May 10 (Reuters) - A Microsoft ⁠data center site in East Africa has been delayed ⁠by disagreements with the Kenyan government over the company’s ‌request for guaranteed payments, Bloomberg News reported on Sunday citing people familiar with the matter.

In May 2024, Microsoft partnered with UAE-based AI firm G42 to invest $1 ​billion in a data center in ⁠Kenya as part of its ⁠efforts to expand cloud-computing services in East Africa.
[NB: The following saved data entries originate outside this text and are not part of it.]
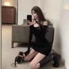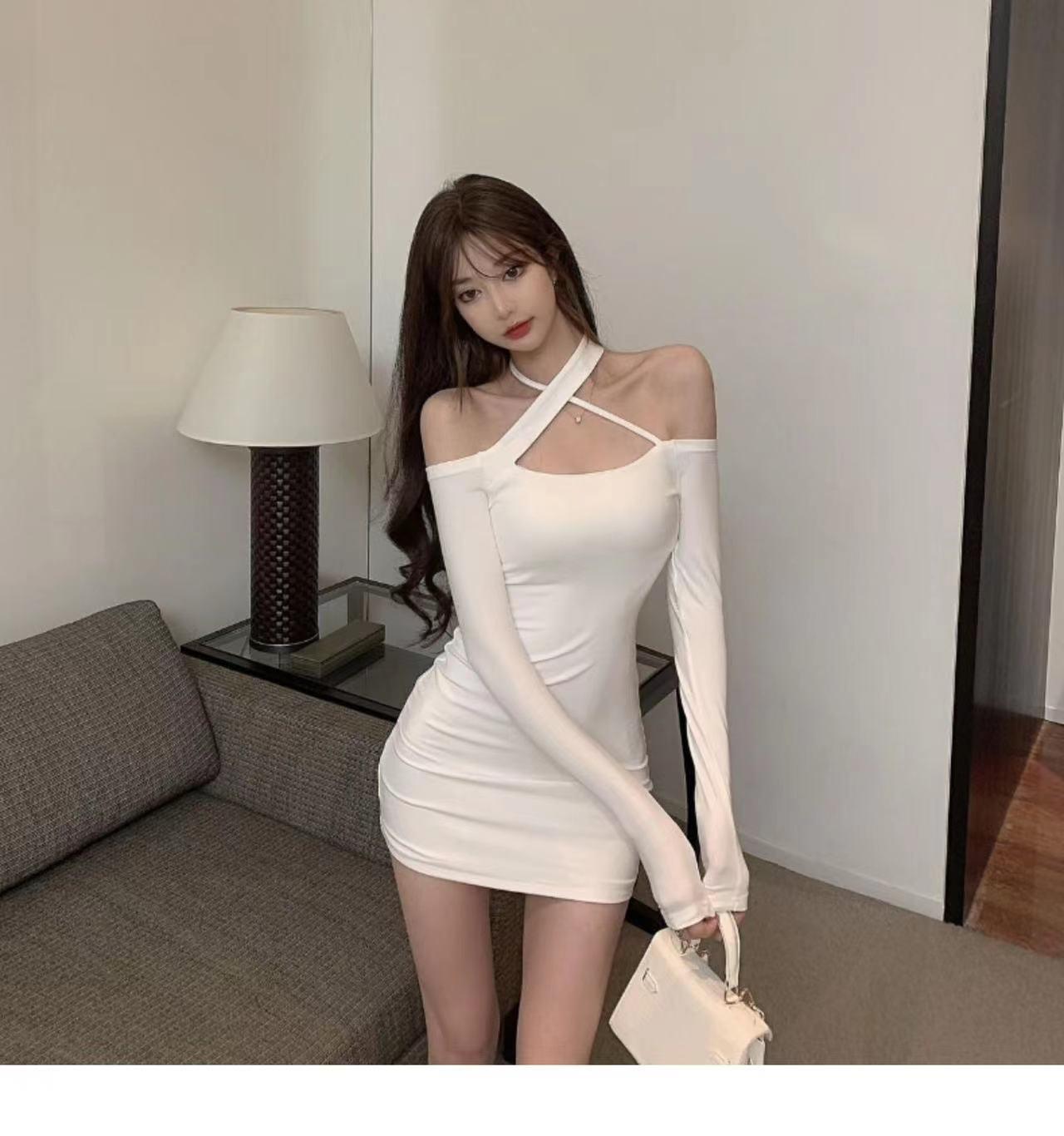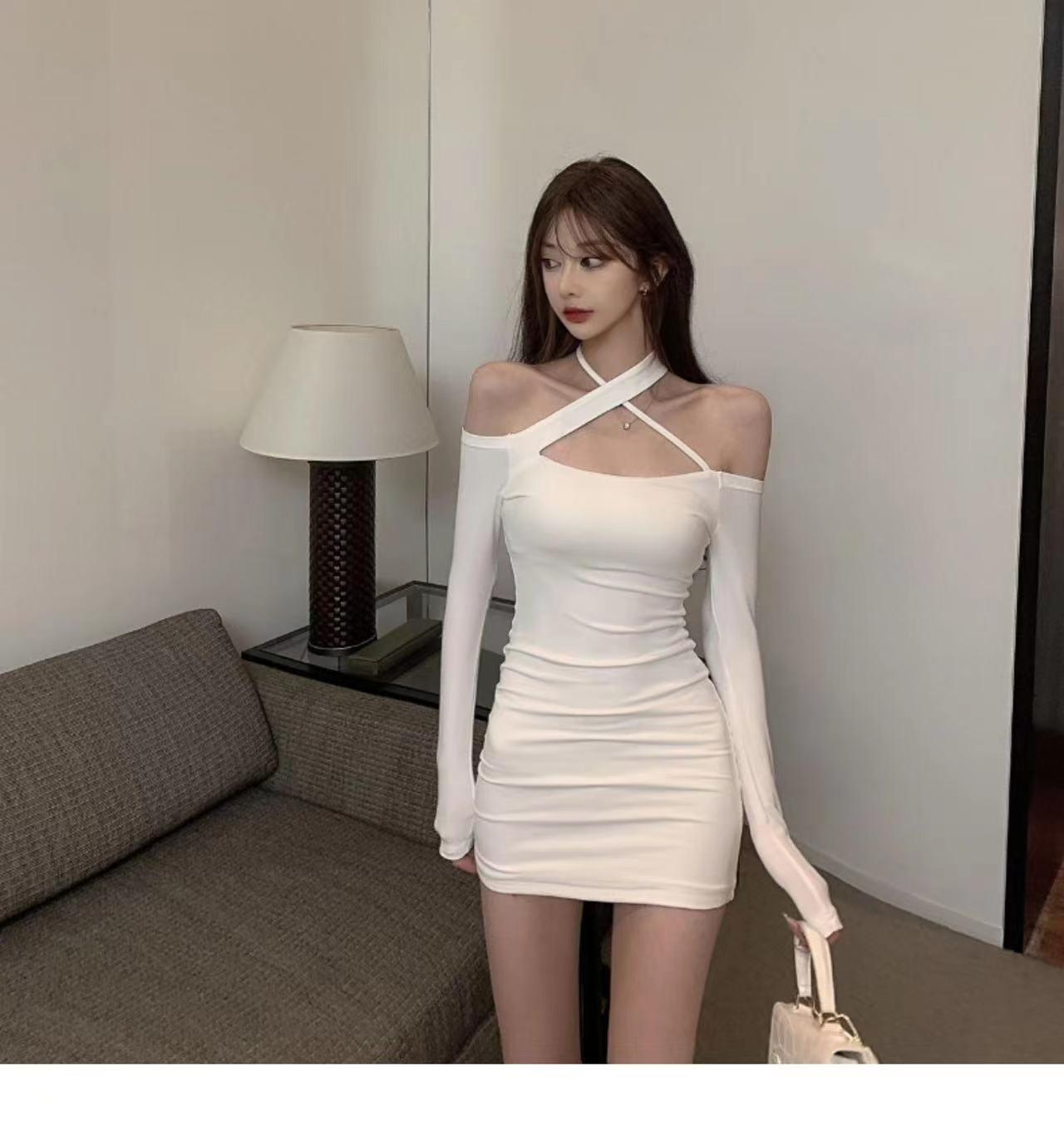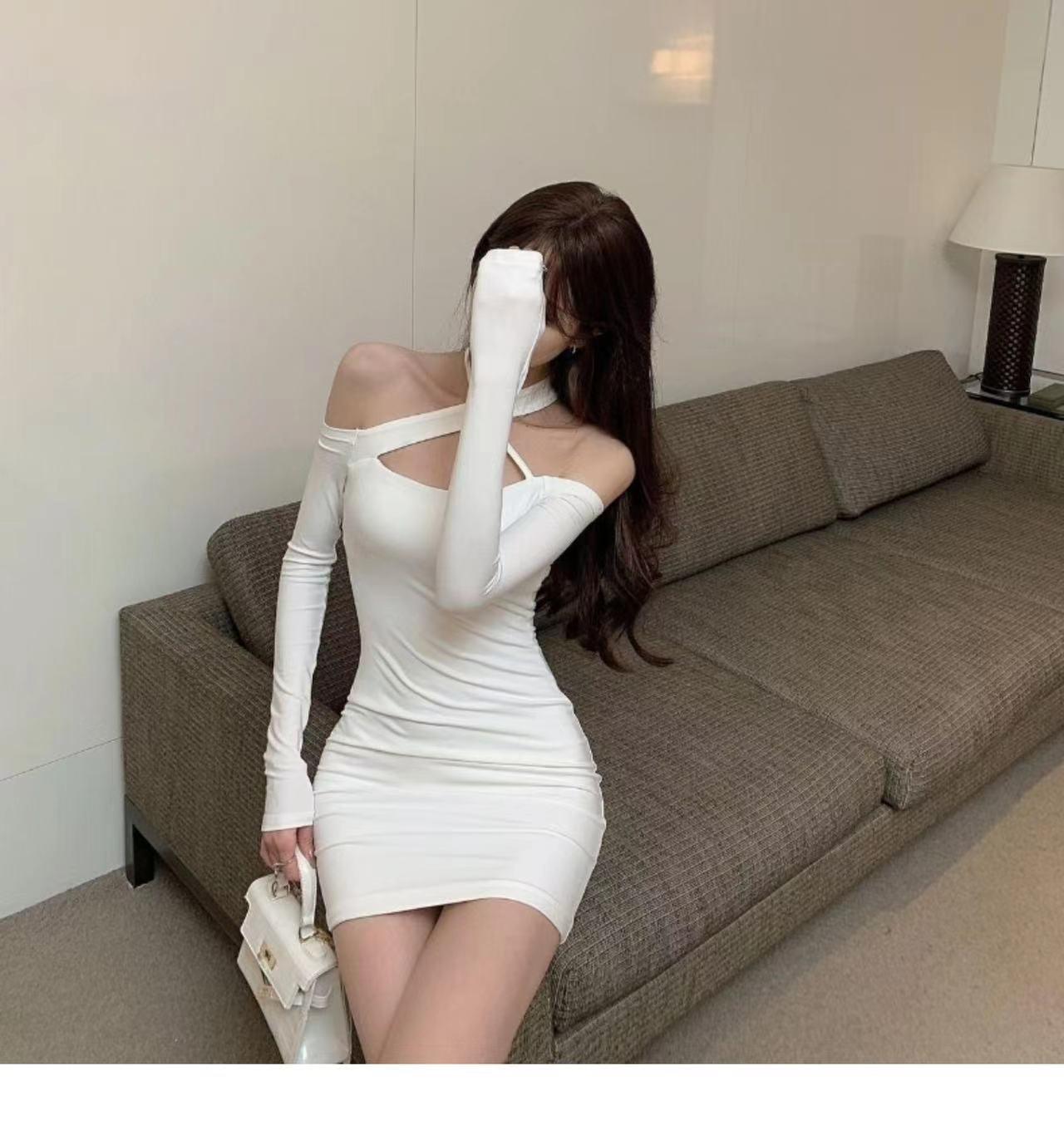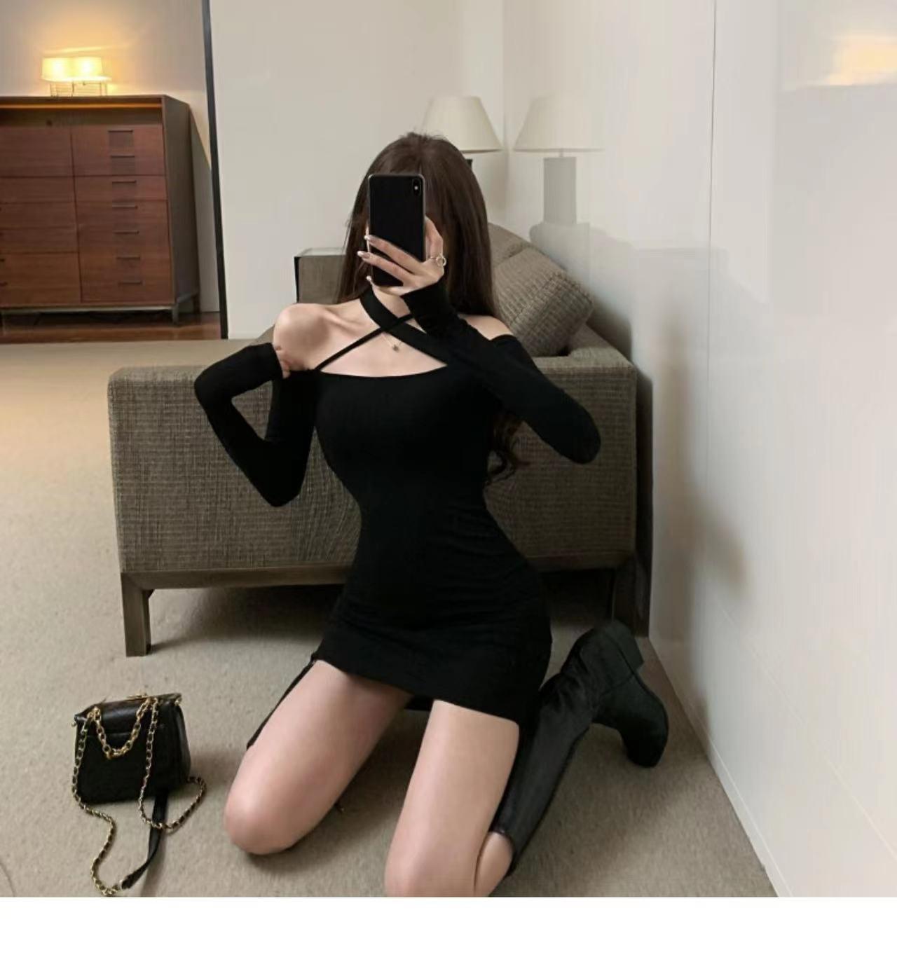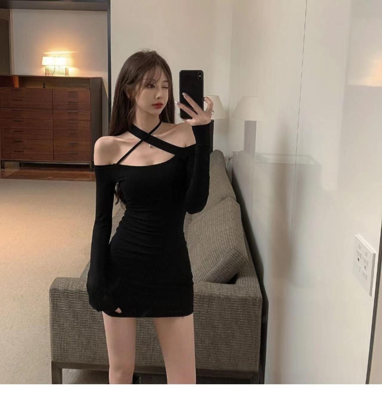 Primavera y verano 2023 Nuevo vestido sexy Spice Girl de manga larga ajustado a la cadera negro con hombros descubiertos y cuello halter para mujer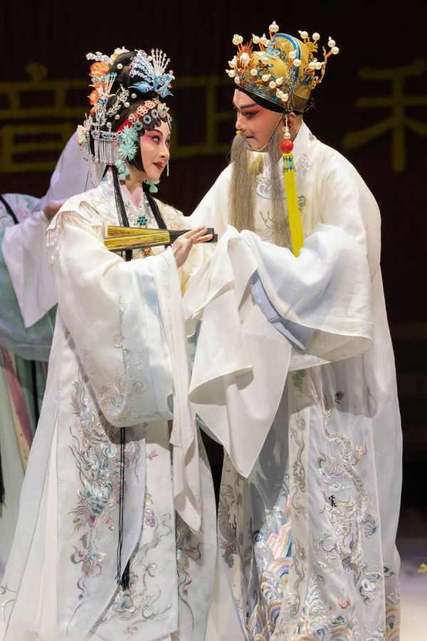 《太和正音——故宫昆曲萃集》是一项大胆而浩大的工程。它通过对故宫珍藏的3200余种6467部11498册清宫戏本的系统梳理,精选中秋、重阳节令为主题的内容进行创排,被誉为“文物活化与非遗传承的创新模式”。此番亮相艺术节的是第一季,以“中秋”为主题。《江州送酒》《中秋奏凯》《长生殿·重圆》三折戏“花”“雅”兼备,文戏与武戏各擅胜场,全方位展示了古老昆曲的艺术特色。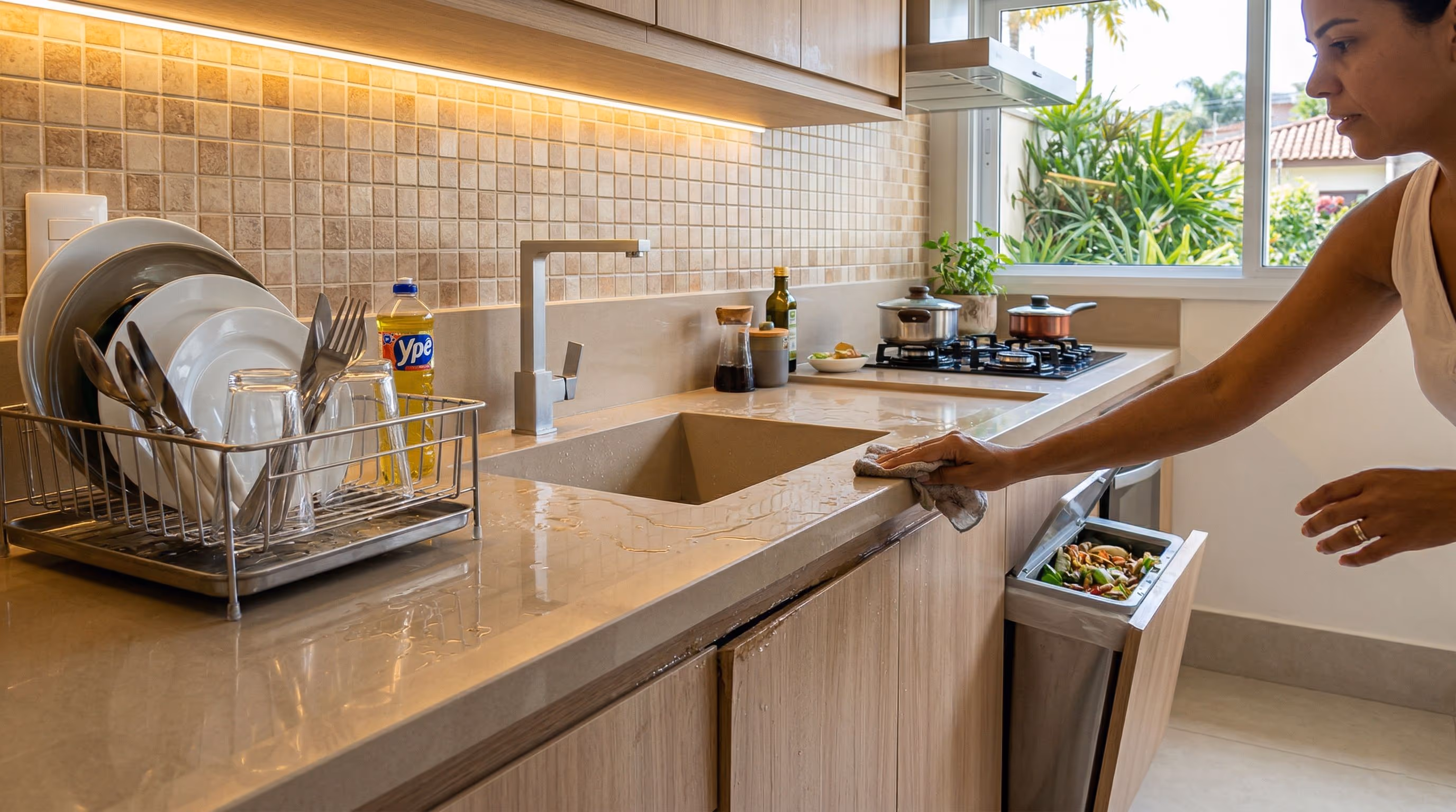 Uma opção mais eficiente é usar lixeiras internas nos gabinetes, com tampa vedada e baldes removíveis. Elas aumentam a capacidade, ajudam a conter odores, mantêm a bancada livre e tornam a organização da cozinha muito mais funcional.

The project was ⁠announced ‌during Kenyan President William Ruto’s state visit to Washington under the Biden administration.

The facility was set to ⁠run entirely on geothermal power as well as provide ​access to ‌Microsoft's Azure through a cloud region for East Africa.

Microsoft and ⁠G42 asked ​the Kenyan government to commit to paying for a certain amount of capacity annually, but the talks broke down when it couldn’t provide ⁠the guarantees at the level Microsoft ​requested, the Bloomberg report said.

The Bloomberg report added that the group might ultimately decide to scale back the project.

Kenya is moving ahead ⁠with the talks, and “it is not failed or withdrawn,” Bloomberg quoted principal secretary at Kenya’s Ministry of Information John Tanui as saying in an interview.

"The scale of the data center they wanted ​to do still requires some structuring," he ⁠said, adding that power requirements are still under discussion.

Microsoft, G42, ​and Kenya's Information Ministry did not immediately ‌respond to a Reuters request for ​comment. Reuters could not immediately verify the Bloomberg report.